What to do:
Below are records with pictures in them. Output exactly the lines from the one with "據了解,黔南州住房公積金三都" through the one with "Mellan rabatterna slingrar", both included, and leave every picture out; give only those lines.

Data shown:
········
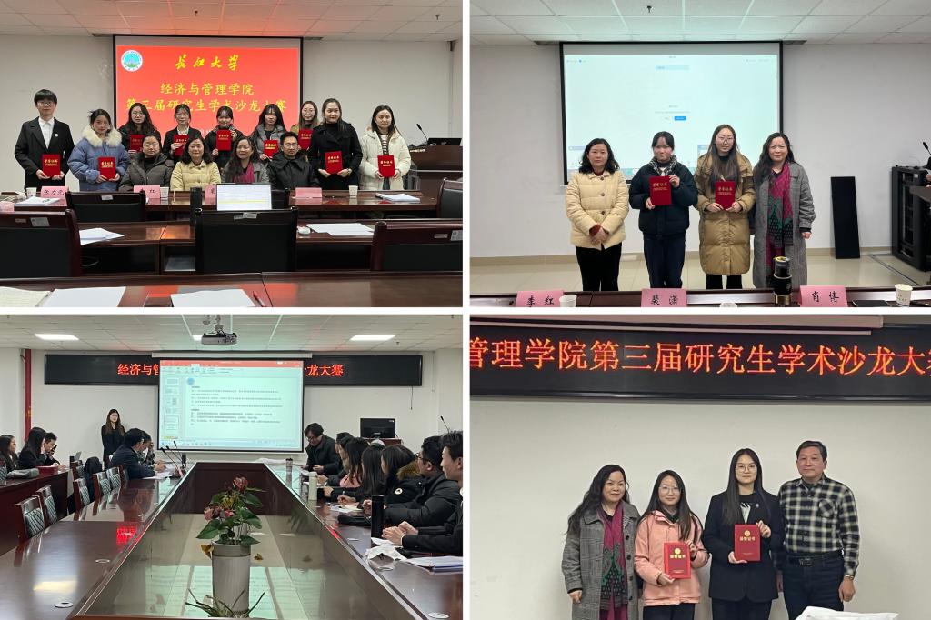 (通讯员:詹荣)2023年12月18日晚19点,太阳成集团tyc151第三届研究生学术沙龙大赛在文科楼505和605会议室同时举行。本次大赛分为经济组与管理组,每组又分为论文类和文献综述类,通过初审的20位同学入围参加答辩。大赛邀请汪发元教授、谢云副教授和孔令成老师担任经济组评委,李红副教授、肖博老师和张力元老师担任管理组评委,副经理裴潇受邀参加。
········
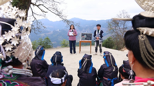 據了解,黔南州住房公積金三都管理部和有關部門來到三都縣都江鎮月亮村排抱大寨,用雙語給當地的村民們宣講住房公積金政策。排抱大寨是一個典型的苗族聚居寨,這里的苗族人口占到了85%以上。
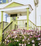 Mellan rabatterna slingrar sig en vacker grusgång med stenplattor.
········
Response area:
 據了解,黔南州住房公積金三都管理部和有關部門來到三都縣都江鎮月亮村排抱大寨,用雙語給當地的村民們宣講住房公積金政策。排抱大寨是一個典型的苗族聚居寨,這里的苗族人口占到了85%以上。
 Mellan rabatterna slingrar sig en vacker grusgång med stenplattor.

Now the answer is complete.